Puzzles for embedding
• We sought puzzles that had both a
conventional and a lateral thinking solution
– much harder than one might think
– can provide great pedagogic value
Two segments are drawn as diagonals on the
sides of a cube so that they meet at a vertex
of the cube. What is the angle between the
segments?
This was set in a class on
vectors. Vectors were
therefore used to get the
answer (60°)!
The red triangle is
equilateral so the angle
is 60°
Messages:
Think first!
If an answer is simpler than one might
expect, why?
Variants
Perhaps we should make our puzzles subject
specific e.g.
As part of her plant layout, as shown in Figure 1, a chemical
engineer has a pipe going from point A on a cubical tank up
to point B, and then across to point C. What angle does the
pipe have to be bent to fit the tank?
As part of his latest engine block design shown in Figure 1,
a mechanical engineer has a pipe going from point A in his
cubical block up to point B, and then across to point C.
What angle does the pipe have to be bent to fit the block?
How not to do variants?
“Each day,” said the demanding boss to the metallurgist, “you
must fill some casting moulds with molten titanium, and you will
continue to do this until all the moulds are full. Moreover, each
day your work will become more strenuous. On each day after the
first, you must fill double the number of moulds that you have so
far filled. For example, if you fill 3 moulds with titanium on the
first day, you will fill 6 on the second, 18 on the third and so on.
Clear?”
“Perfectly clear,” said the metallurgist who summoned his team
and with great skill and dedication, the moulds began to fill. After
a week, a third of the available moulds were full. How long did it
take them to do the job? Prove this mathematically.
Another reason not to do variants?
Alice and Bob take two hours to dig a hole. Bob and Chris take
three hours to dig the hole, while Chris and Alice would take
four hours. How long would they take working together?

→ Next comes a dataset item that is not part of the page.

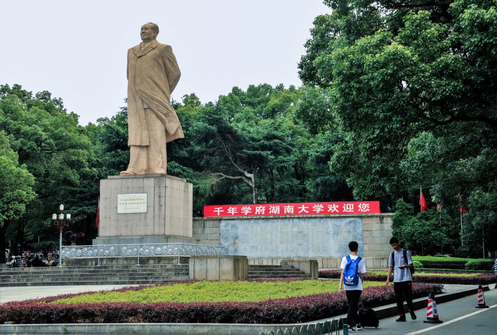 不过最抢眼的还是后面写着“千年学府湖南大学欢迎您”的大红长幅。这表明了这雕像是湖南大学立的。两个大学生悠然走过, 也仿佛是说这里是湖南大学的地盘了。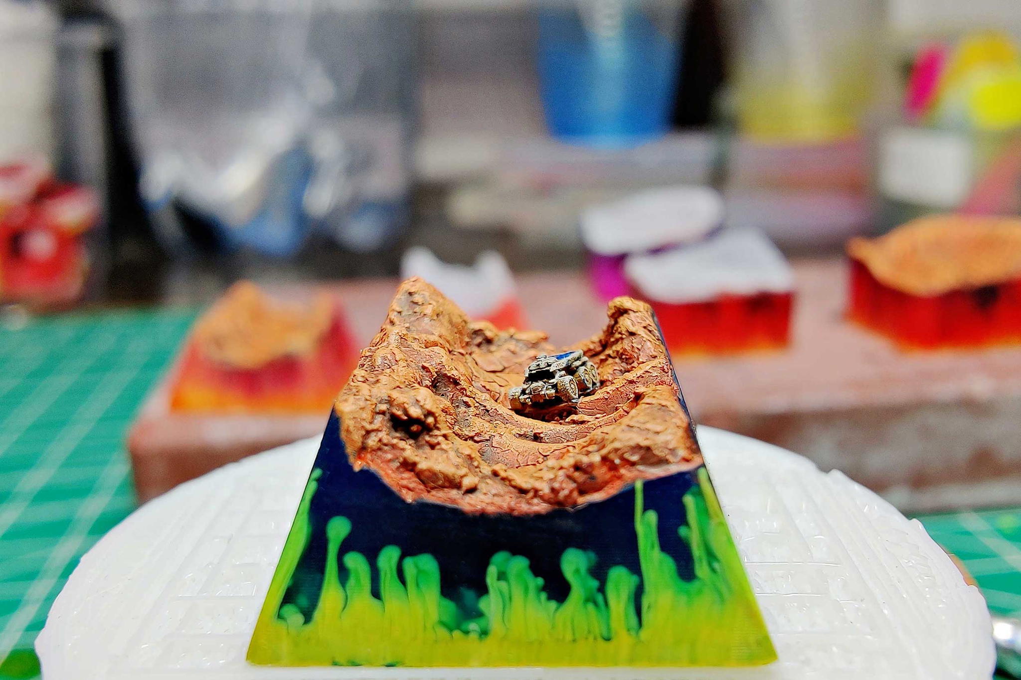 Our Butterscotch team is still producing these spectacular planets, and we are so excited to say that the first keycap batches of this collection have been sent to the shipping service already. Its production is in progress but we promise you, the whole team is working at their full capacity to have them ready for delivery. Our Jelly Key artists have to utilize their craftsman skills to the very best as this series is very challenging to make, considering a wide range of tiny details inside. To replicate these sophisticated pieces such as self-propelled vehicles, human outposts, energy stations in space, or especially the terrestrial planet’s surface, we have to try out many different materials to make them look as much realistic as possible.

There are three construction companies: AcMe, BeMe and
CeMe. Working together, AcMe and BeMe take two days to
erect a building. BeMe and CeMe would take three days to
build a similar building whilst AcMe and CeMe would take four
days. How long would AcMe, BeMe and CeMe take working
together?
Surprising, but not a puzzle?
A railway track is exactly 1 km long. It sits on a piece of ground
that is flat. One day, under intense heat from the sun, the
track expands 1 m in length. Its ends remain fixed to the
ground, so the track bows up to form a circular arc of length
1001 m. At the centre of the arc, how high is the track above
the ground?
What is the educational value of
problems?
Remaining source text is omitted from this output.